Barrio in Puerto Rico

Yahuecas is a rural barrio in the municipality of Adjuntas, Puerto Rico. The population of Yahuecas in 2010 was 1396.

==History==
Yahuecas was in Spain's gazetteers until Puerto Rico was ceded by Spain in the aftermath of the Spanish–American War under the terms of the Treaty of Paris of 1898 and became an unincorporated territory of the United States. In 1899, the United States Department of War conducted a census of Puerto Rico finding that the population of Yahuecas barrio was 1,710.

Historical population
| Census | Pop. | Note | %± |
| 1900 | 1,710 |  | — |
| 1910 | 1,575 |  | −7.9% |
| 1920 | 1,704 |  | 8.2% |
| 1930 | 1,770 |  | 3.9% |
| 1940 | 1,860 |  | 5.1% |
| 1950 | 2,044 |  | 9.9% |
| 1960 | 1,712 |  | −16.2% |
| 1970 | 1,364 |  | −20.3% |
| 1980 | 1,319 |  | −3.3% |
| 1990 | 1,497 |  | 13.5% |
| 2000 | 1,434 |  | −4.2% |
| 2010 | 1,396 |  | −2.6% |
U.S. Decennial Census 1899 (shown as 1900) 1910-1930 1930-1950 1960 1980-2000 2010

==Special Community==
Since 2001 when law 1-2001 was passed, measures have been taken to identify and address the high levels of poverty and lack of resources and opportunities affecting specific communities in Puerto Rico.

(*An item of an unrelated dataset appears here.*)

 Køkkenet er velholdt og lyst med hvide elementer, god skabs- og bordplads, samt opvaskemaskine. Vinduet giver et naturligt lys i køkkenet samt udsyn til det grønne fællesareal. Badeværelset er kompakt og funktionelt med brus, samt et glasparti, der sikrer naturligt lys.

Initially there were 686 places that made the list. By 2008, there were 742 places on the list of Comunidades especiales de Puerto Rico. The places on the list are barrios, communities, sectors, or neighborhoods and Yahuecas was one of the seven areas in Adjuntas that made the list of Special Community.

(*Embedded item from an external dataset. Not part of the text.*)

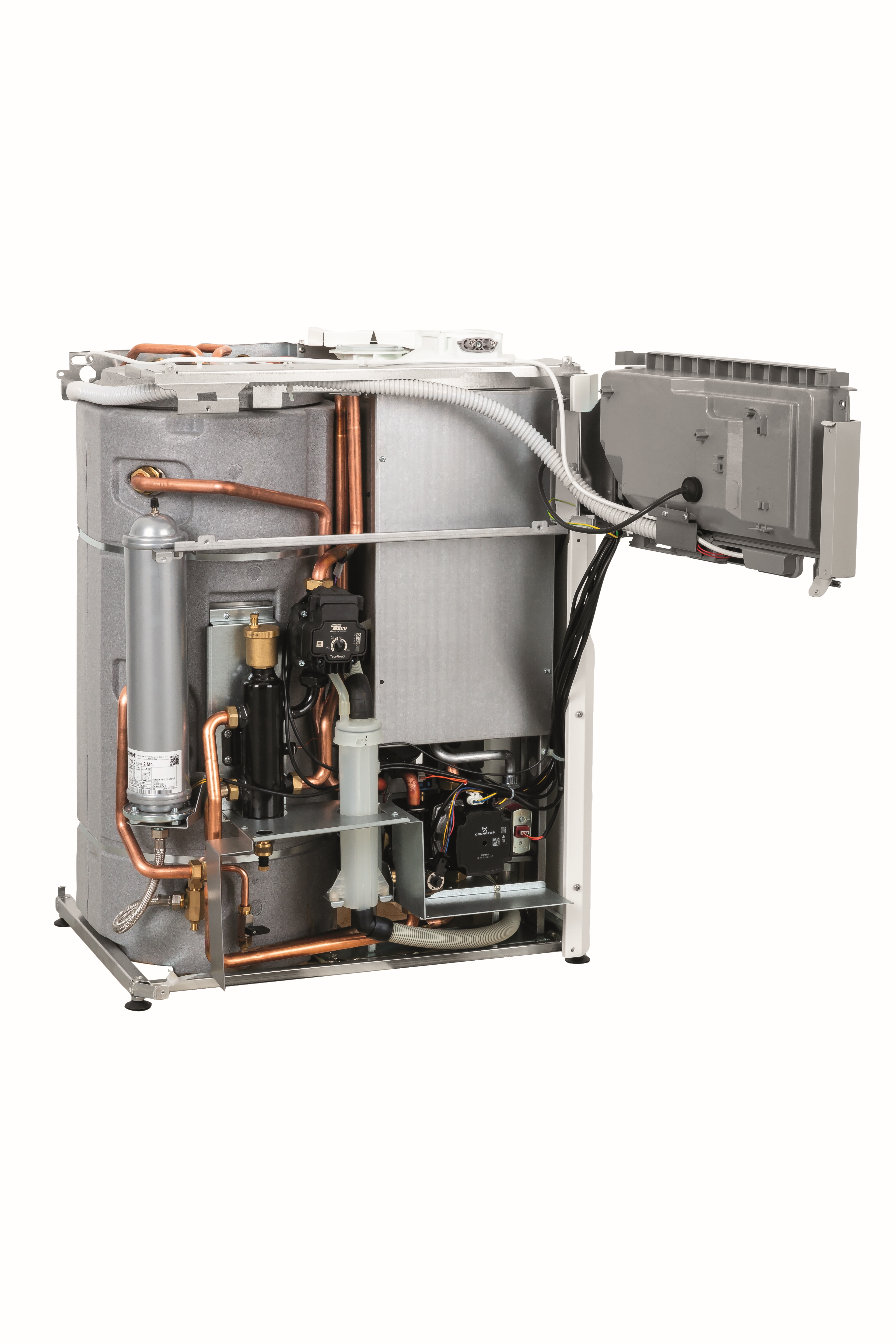 Kocioł kondensacyjny, stojący z wbudowanym zasobnikiem c.w.u. 54 l ze stali nierdzewnej. Szeroki zakres modulacji mocy: od 2,8 do 28,2 kW . Możliwość zarządzania z poziomu panelu kotła 3 strefami grzewczymi z programowaniem tygodniowym (przy zastosowaniu rozdzielacza hydraulicznego DIM oraz opcjonalnych bezprzewodowych sond temp. pokojowej).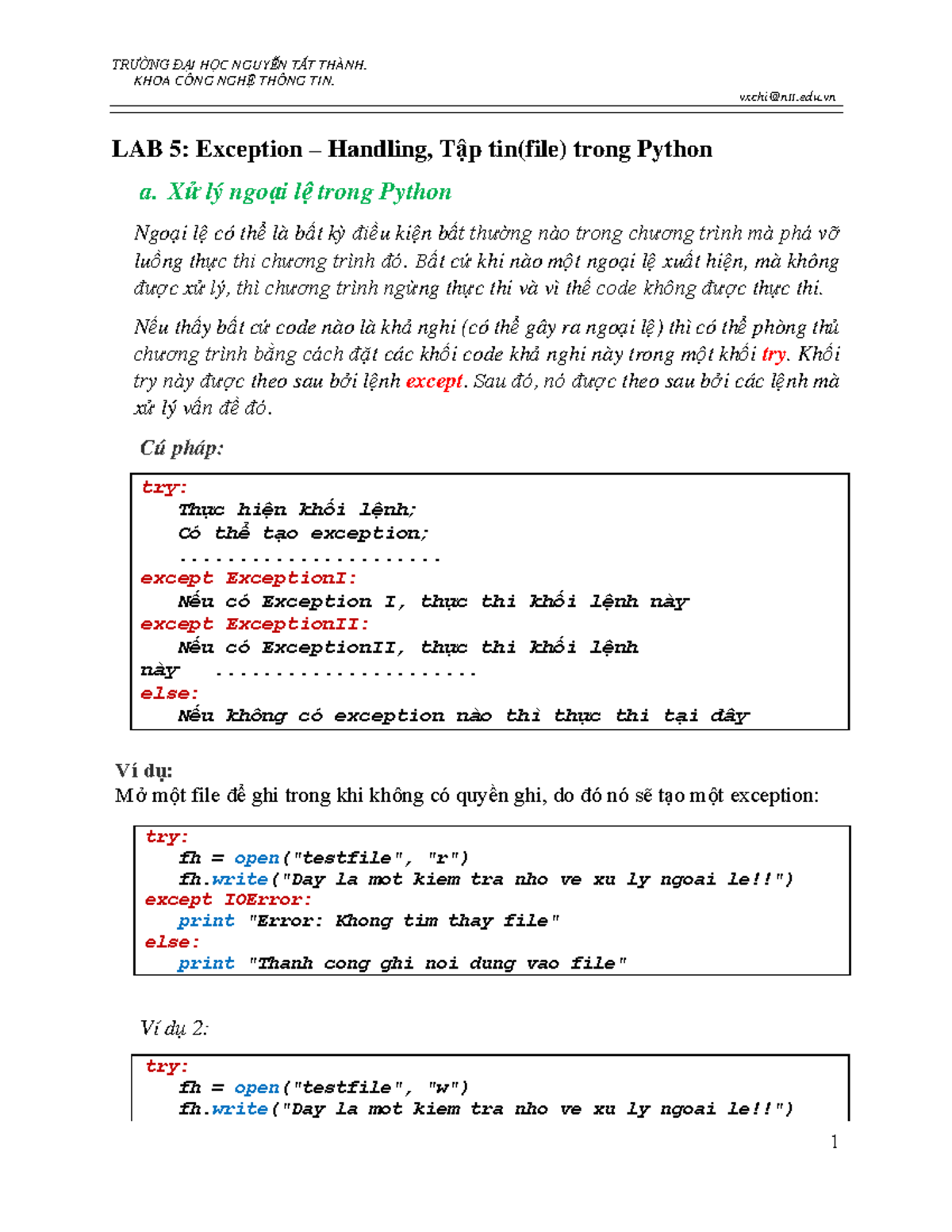 LAB 5: Xử lý Ngoại lệ và Tập tin trong Python - Khoa CNTT - Studocu

In August 2020, the United States released Federal Emergency Management Agency funds in support of the coffee industry, directly benefitting a coffee packaging plant in Yahuecas barrio. The funds were in response to millions of dollars lost by the agricultural industry of Puerto Rico when Hurricane Maria hit the commonwealth on September 20, 2017.